INFORMATION SUPPLIED: Begin

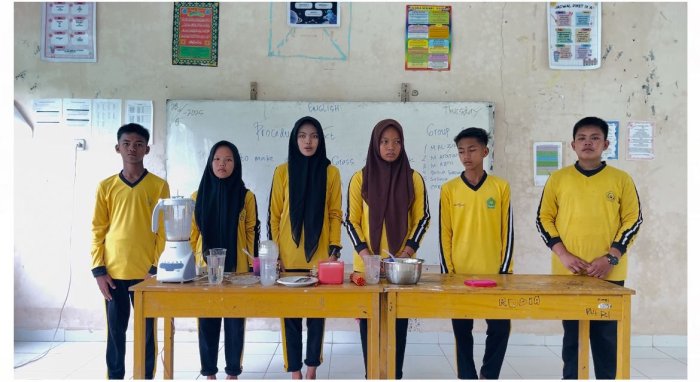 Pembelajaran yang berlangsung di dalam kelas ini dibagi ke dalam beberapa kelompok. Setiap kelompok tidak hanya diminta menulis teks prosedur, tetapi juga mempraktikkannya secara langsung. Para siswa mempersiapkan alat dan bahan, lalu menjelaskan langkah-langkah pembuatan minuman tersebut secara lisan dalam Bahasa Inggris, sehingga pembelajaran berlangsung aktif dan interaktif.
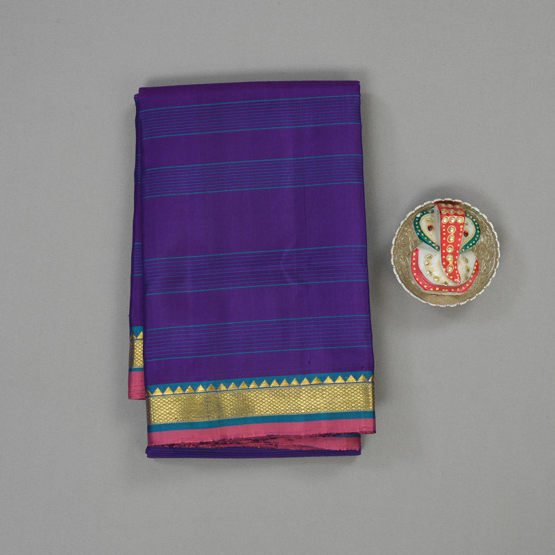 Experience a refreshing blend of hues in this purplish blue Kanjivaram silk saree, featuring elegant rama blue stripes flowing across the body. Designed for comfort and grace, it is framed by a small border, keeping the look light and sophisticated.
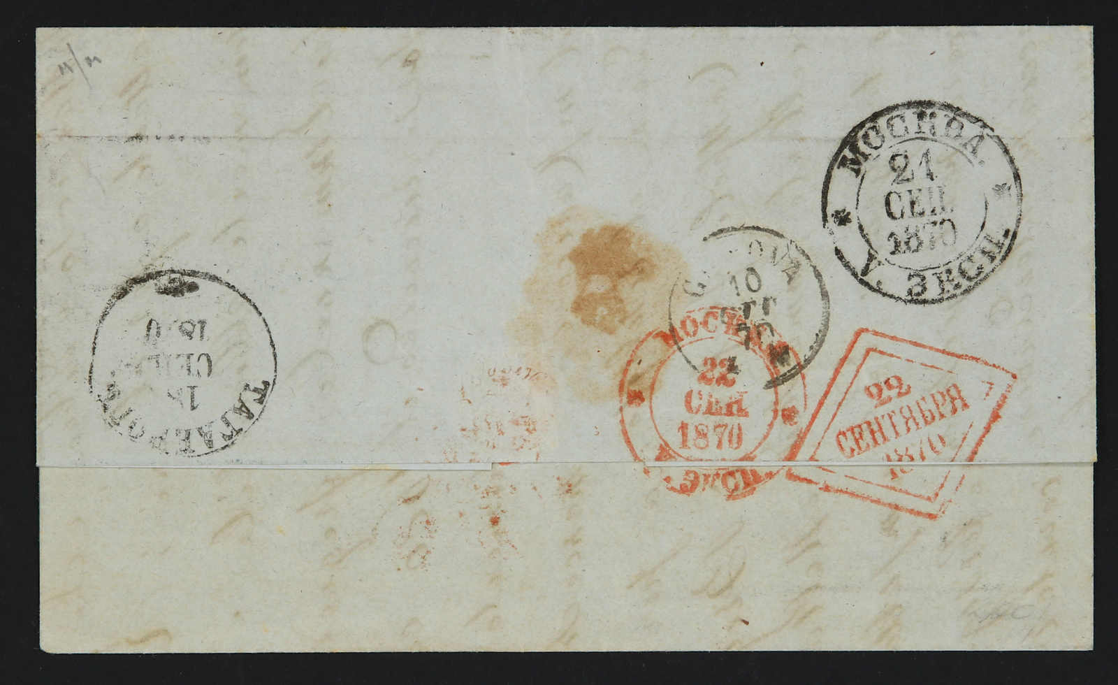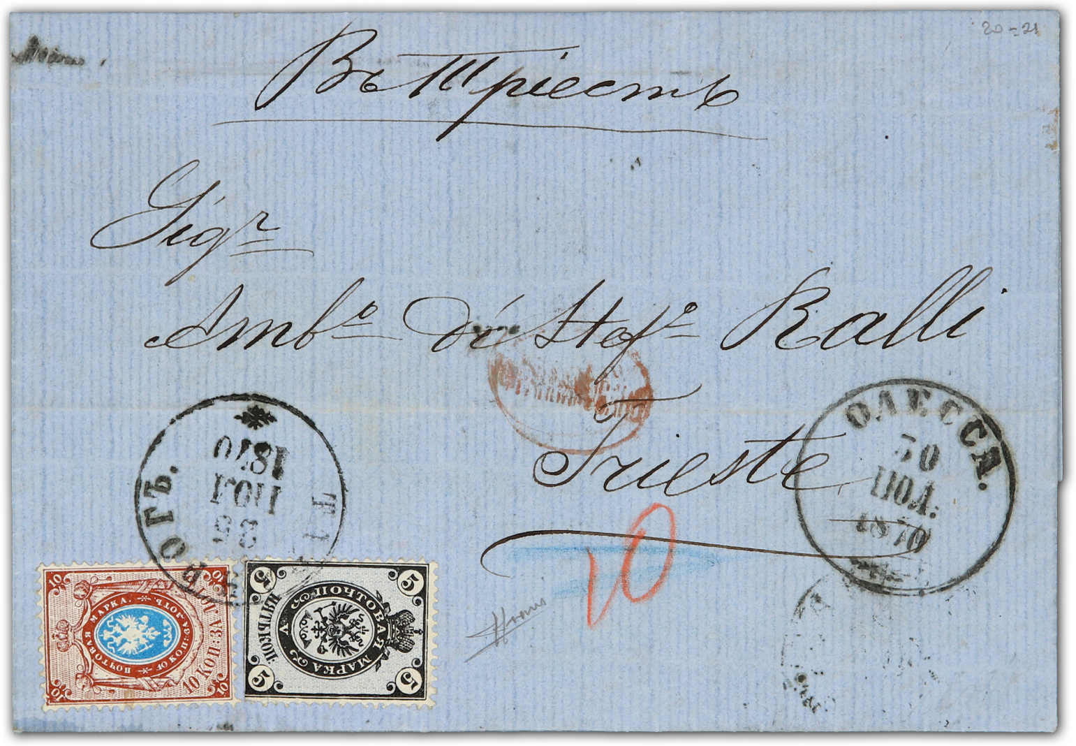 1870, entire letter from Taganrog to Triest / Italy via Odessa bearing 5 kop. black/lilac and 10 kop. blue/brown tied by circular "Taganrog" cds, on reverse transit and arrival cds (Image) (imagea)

INFORMATION SUPPLIED: End

» WORK TO BE COMPLETED
Reproduce every line above as written, skipping pictures.

» OUTPUT OF THE TASK
 Pembelajaran yang berlangsung di dalam kelas ini dibagi ke dalam beberapa kelompok. Setiap kelompok tidak hanya diminta menulis teks prosedur, tetapi juga mempraktikkannya secara langsung. Para siswa mempersiapkan alat dan bahan, lalu menjelaskan langkah-langkah pembuatan minuman tersebut secara lisan dalam Bahasa Inggris, sehingga pembelajaran berlangsung aktif dan interaktif.
 Experience a refreshing blend of hues in this purplish blue Kanjivaram silk saree, featuring elegant rama blue stripes flowing across the body. Designed for comfort and grace, it is framed by a small border, keeping the look light and sophisticated.
 1870, entire letter from Taganrog to Triest / Italy via Odessa bearing 5 kop. black/lilac and 10 kop. blue/brown tied by circular "Taganrog" cds, on reverse transit and arrival cds (Image) (imagea)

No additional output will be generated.